Tetapi ketika dikerjakkan oleh perempuan, itu adalah sesuatu yang biasa’.
Sebagai lelaki yang dibesarkan dalam nilai-nilai kesetaraan tinggi di Prancis,
Laurent yang menjadi pendengar keluhan Shashi menolak anggapan Shashi dan menilai kemampuan yang dimiliki Shashi sama berharganya seperti
profesi lain tanpa mengenal jenis kelamin.
Apa yang secara
jelas ditekankan oleh Gauri adalah, bahasa bukan alat untuk mengubah identitas
Shashi sebagai orang India.

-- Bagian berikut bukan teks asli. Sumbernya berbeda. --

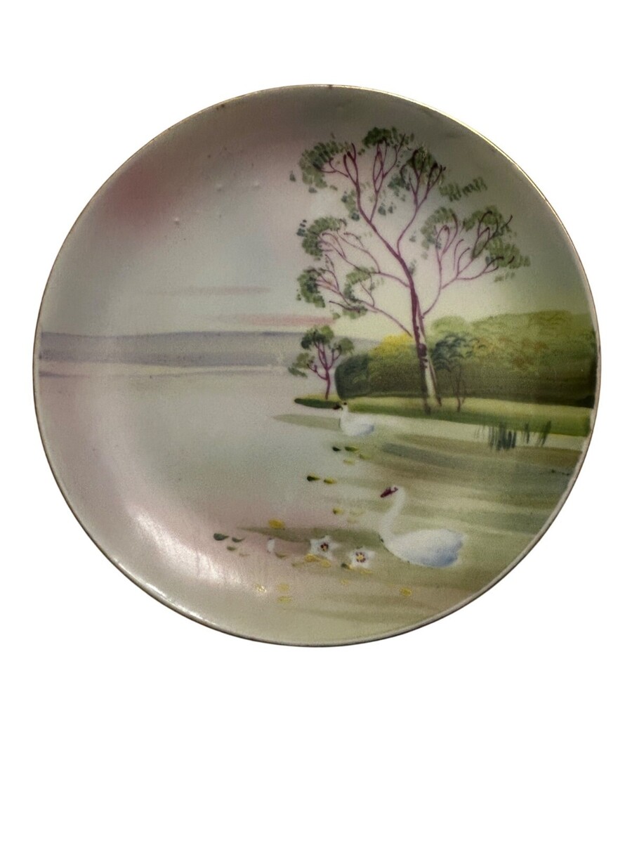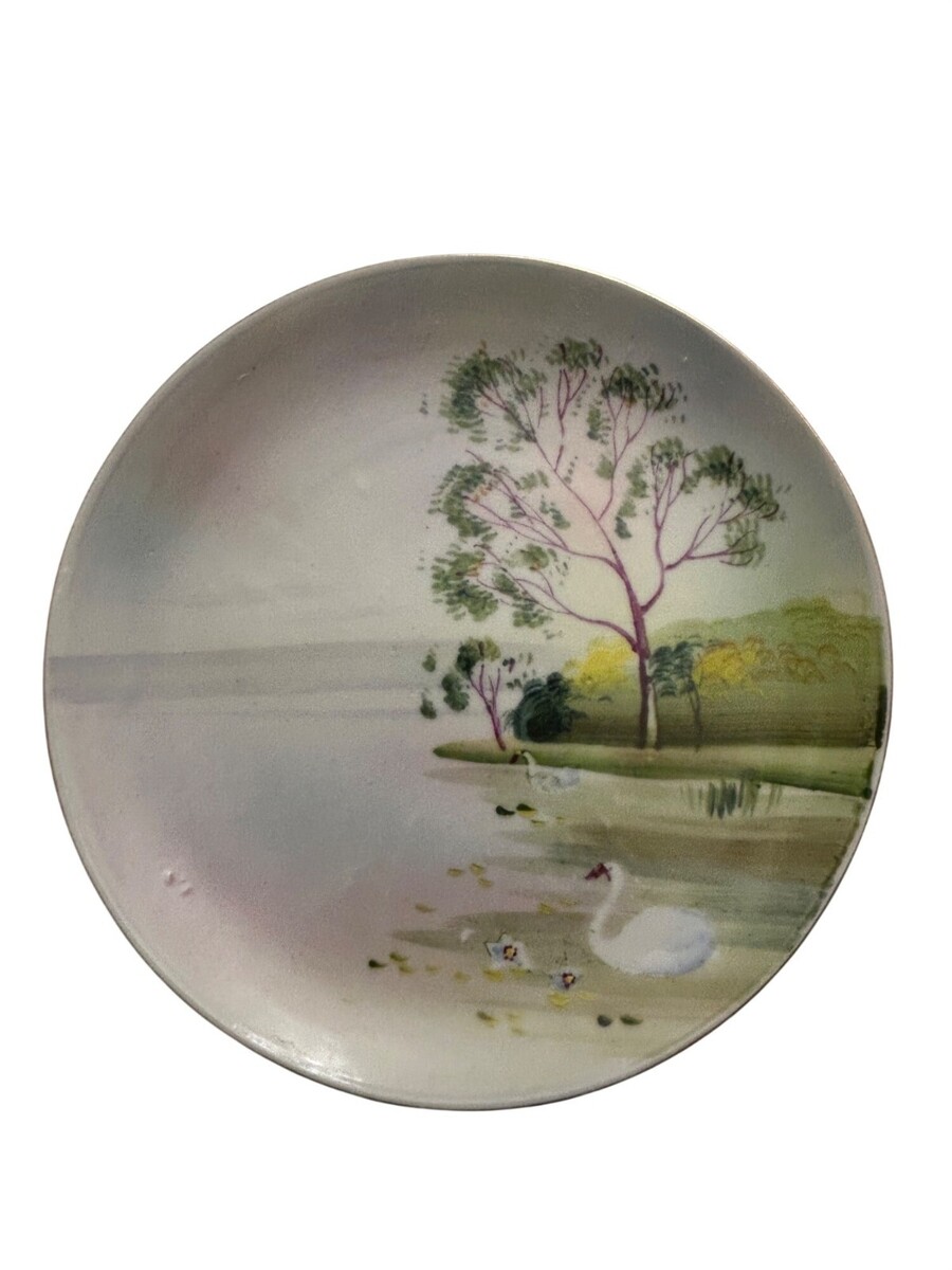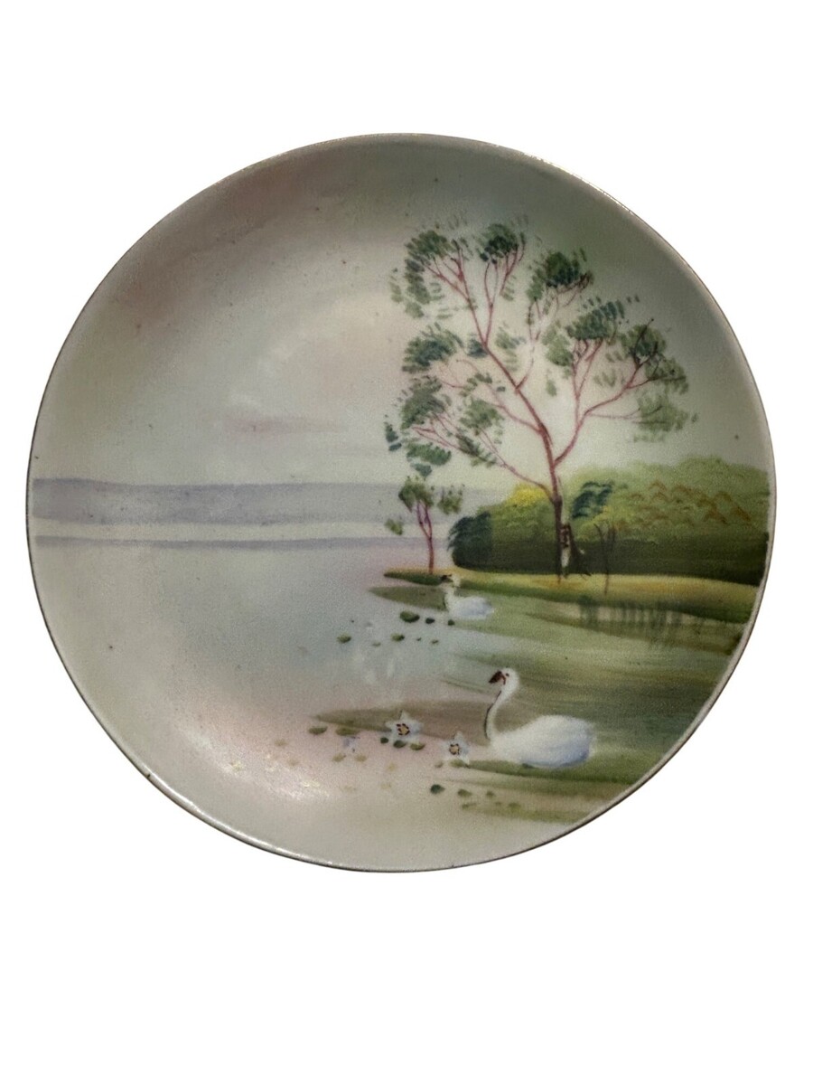 Hand Painted Nippon Morimura Bros Noritake Elite B Pastoral Swan Landscape Porce

Gauri hanya menempatkan bahasa agar peran-peran
yang diambil oleh Shashi lebih dihargai. Terutama oleh keluarganya. Gauri juga berusaha mengikis steretipe tentang citra perempuan tradisional India yang dinilai kolot. Semua
diraih Shashi tanpa merendahkan. Shashi bahkan tetap memakai sari sepanjang
film. Simbol bahwa Shashi tidak berambisi mengubah identitas keindiannya
sekalipun ia sudah mahir bahasa Inggris dan berani menyusuri New York
sendirian.
Dalam idenya yang
sederhana, English Vinglish hadir menjadi film kritis yang tersaji secara santai.
Kita akan menyadari bahwa selera
bercanda yang kita anggap sepele dan biasa nyatanya menggambarkan pola pikir
kita pada sesuatu.
Bagi Sridevi yang
sudah ‘cuti’ selama 15 tahun, English Vinglish jadi film comeback cerdas. Saya seperti melihat transformasi Sridevi dari
beberapa era perfilman India hanya dalam film English Vinglish. Sebelum
meninggal pada Februari 2018 lalu, Sridevi bermain dalam dua film.